We asked him for some of his top recommendations for anyone looking to explore the city beyond the standard guidebook highlights. He had a lot to suggest. 


Spend an afternoon strolling Providence’s scenic East Side. The main thoroughfare, Blackstone Boulevard, is three miles end to end and back.  First fortify yourself at Three Sisters, an ice cream paradise with daily specials. that in the past have included extravagances like maple brownie peanut butter. By the time you’ve walked that off, you’ll be ready for dinner. In keeping with Curt’s suggestion of breaking up a meal at different venues, hit Garden Grill, which specializes in vegan and vegetarian fare for light and delicious apps. Two doors down is Rasoi, an Indian restaurant where the food is “just off the charts,” he says. Finally, just paces away is Wildflour, which also offers vegan treats that Curt recommends even if you’re a full-on carnivore. 

In the Downtown area, Westminster Street is an historic strip that seems designed for wandering. Along the shop-lined corridor are must-sees like Symposium Books, which features records amid the bookshelves. Next door is Small Point Café, a spot where locals gather over espresso, soups, and sandwiches. Follow along to Arcade Providence. The oldest indoor shopping mall in the US, a national historic landmark, features only-in-Providence shops like the HP Lovecraft store, devoted to all things of the cultish cosmic fiction writer who called Providence home. Refuel—or relax-at New Harvest Coffee, a coffee roaster and whiskey bar.

If you stay through the evening, you’ll want to have dinner at Sura, a Japanese/Korean restaurants that’s popular among discerning yet budget-minded students. Finish up with a nightcap at The Eddy, a cocktail bar with a selection of classic and creative modern cocktails.


Chez Pascal: Though it’s a high-end restaurant, they have an option that won’t break the bank at Wurst Kitchen, a window in the front where, in the evenings, you can walk up and order some of the finest house-made wursts and hot dogs and slather them with amazing relishes.

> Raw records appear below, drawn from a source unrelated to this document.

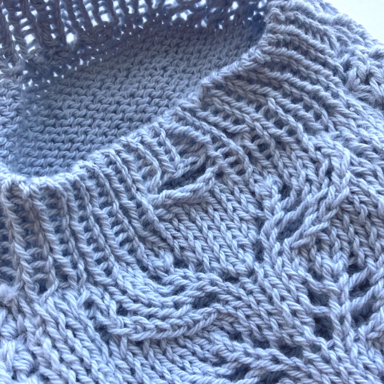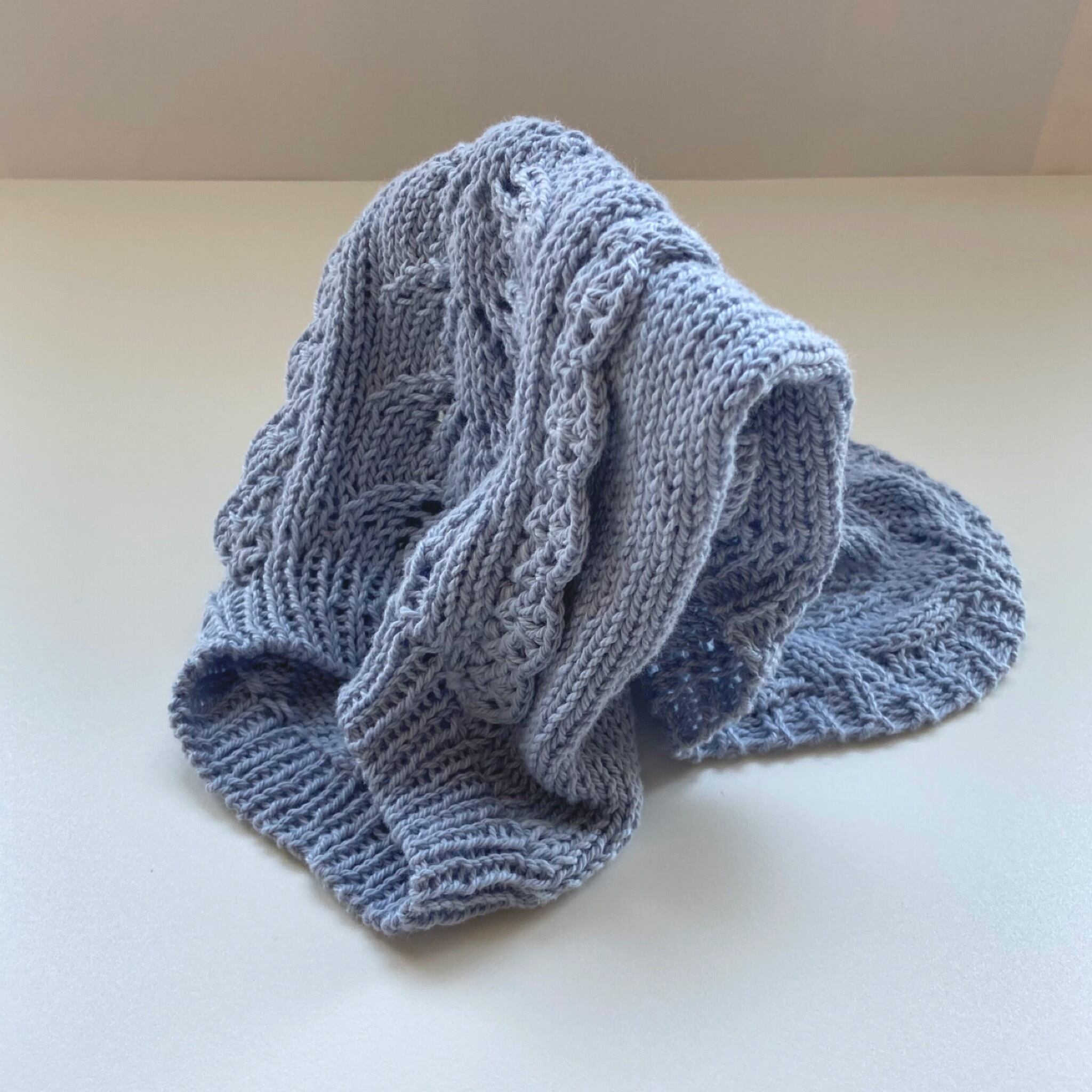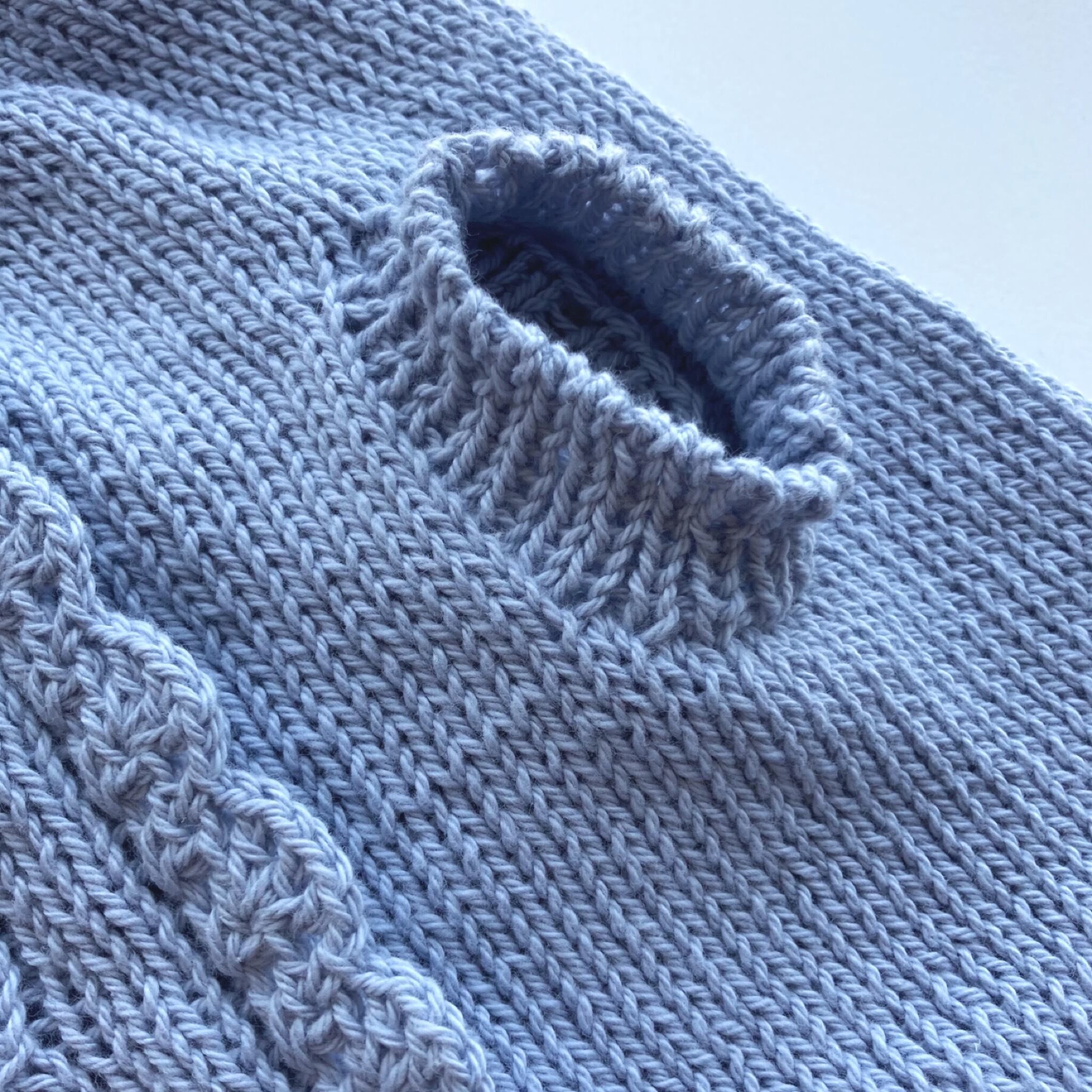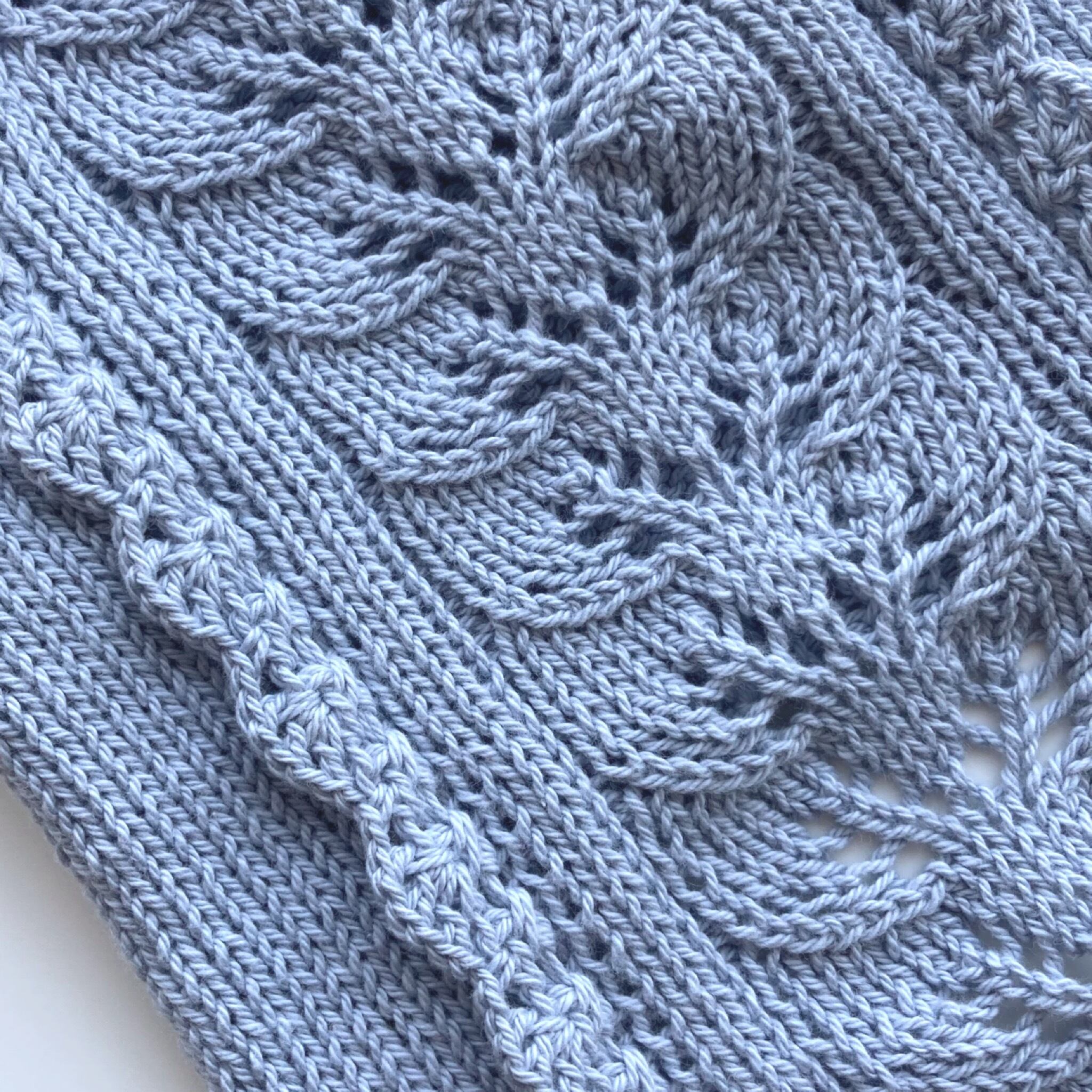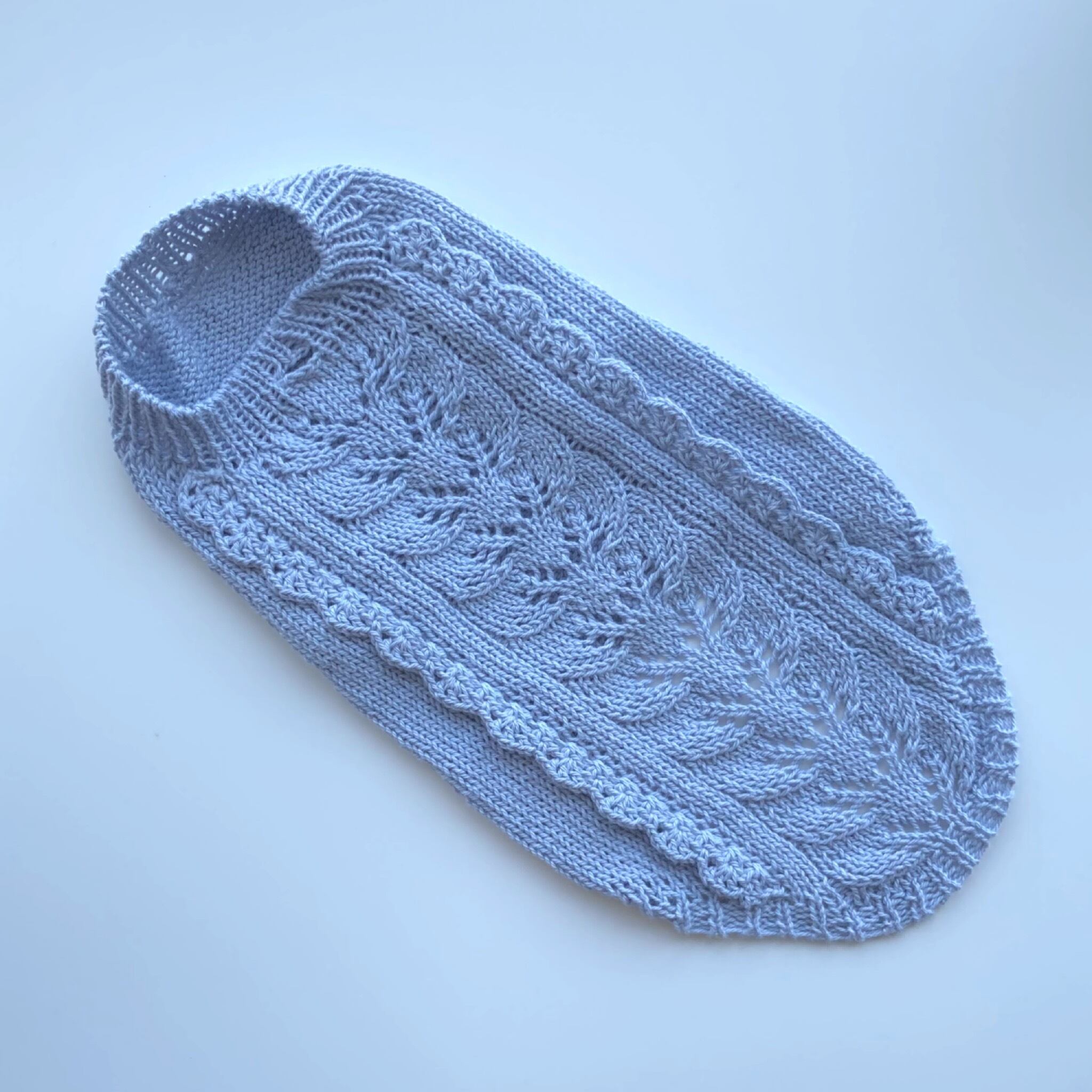 落ち着いたスカイブルーの色に、細糸のサマーニット向きの繊細なリーフ柄を背中側中央に配しています。そして甘すぎずけれど可愛らしさを意識して、両サイドにスカラップのさりげないフリルをあしらいました。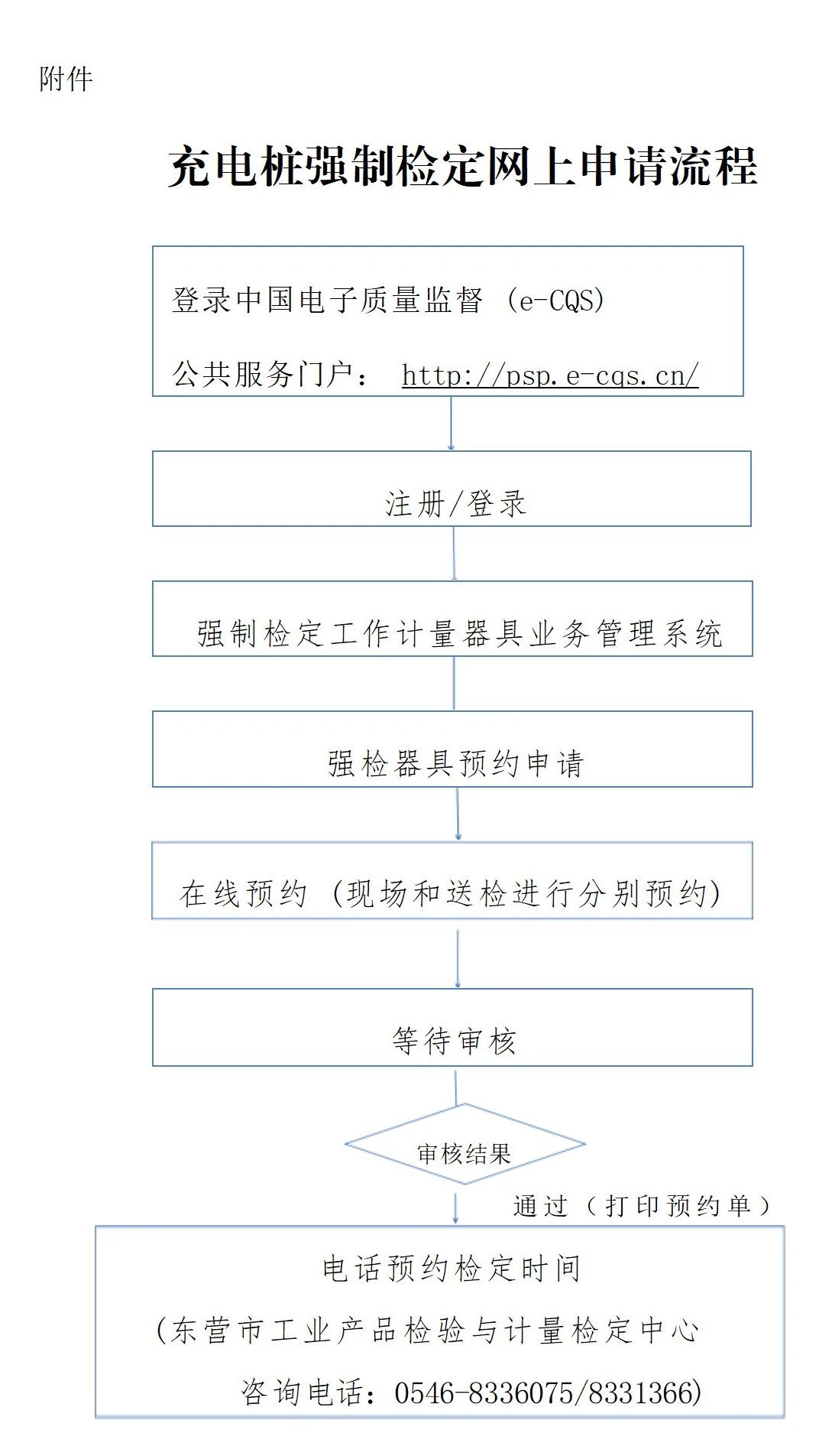 强制检定工作实施。各充电桩运营单位要及时将电动汽车充电桩登记造册,报当地市场监督管理局备案,同时通过“中国电子质量监督(e-CQS)”平台(https://www.e-cqs.cn/)预约申请周期检定,东营市工业产品检验与计量检定中心根据预约完成检定任务,详细流程见附件。东营市工业产品检验与计量检定中心业务咨询及联系电话:0546-8336075/8331366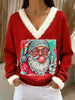 Père Noël rétro pour femmes soufflant des bulles en vrac à manches longues chandail garni de fourrure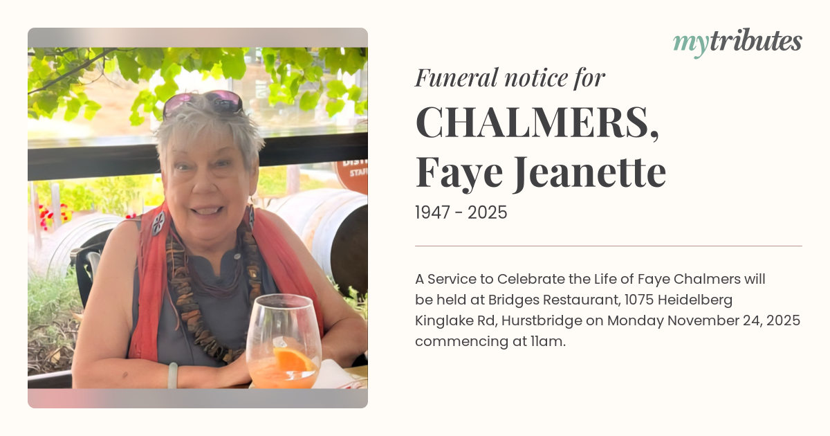 16°CA Service to Celebrate the Life of Faye Chalmers will be held at Bridges Restaurant, 1075 Heidelberg – Kinglake Rd, Hurstbridge on Monday November 24, 2025 commencing at 11am.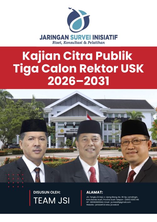 Jaringan Survei Inisiatif (JSI) merilis hasil kajian citra publik terhadap tiga calon Rektor Universitas Syiah Kuala (USK) periode 2026–2031, yaitu Prof. Dr. Ir. Agussabti, M.Si., IPU, ASEAN Eng; Prof. Dr. Ir. Marwan; dan Prof. Dr. Mirza Tabrani, S.E., M.B.A., D.B.A.
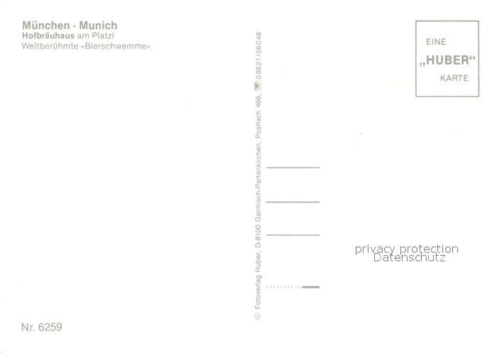 72937333 Muenchen Bayern Hofbraeuhaus am Platzl postalisch nicht gelaufen Erhaltung siehe scans [WerneD78] KatCode: 11110009162000

Foo(d): AS220 is an arts space that serves as a lively hangout spot for creative types. It makes sense, then, that there’s an eatery here, too. The airy restaurant specializes in locavore fare designed to feed artists, Curt says, so you’ll find huge portions for the budget-friendly price of $10. Curt grabs an order of the popcorn-like crispy chickpeas ($2) a few days a week. 


Despite it being one of the area’s top regional theaters, Trinity Rep offers $20 ticket deals for every show. Also, it’s affiliated with Brown University, which offers student performances for $5 to $10. But these are no scrappy affairs. “It’s like going seeing an actor before they were famous. You’ll catch actors that you’ll see for years to come," he says.

AS220 is a local favorite located between Brown and Trinity. To hear Curt talk of it, it’s “an un-juried and uncensored place for artists, from visual to performance art to music to slam poetry. There’s a ton of programming and rotating gallery exhibits in three downtown spaces. You’re absolutely seeing people as coming into their own.” It’s located near Swan Point Cemetery, a 200-acre garden cemetery home to HP Lovecraft’s resting place. 

Rhode Island School of Design has its own museum with collections that Curt says are nothing less than “awe-inspiring.” Unlike most museums, he explains, they curate paintings, furniture, home items, clothes, and costumes all in the same space. “You’ll have a Jackson Pollack next to a Corbusier chair next to a Nick Cave jacket. It’s just so interesting to see how all art is interconnected. Fashion is painting is theater is music. It’s all influenced the same way,” he marvels. Sit down and take it all in when you’re done at Bolt Coffee, the adjacent coffee shop with plenty of sandwich offerings.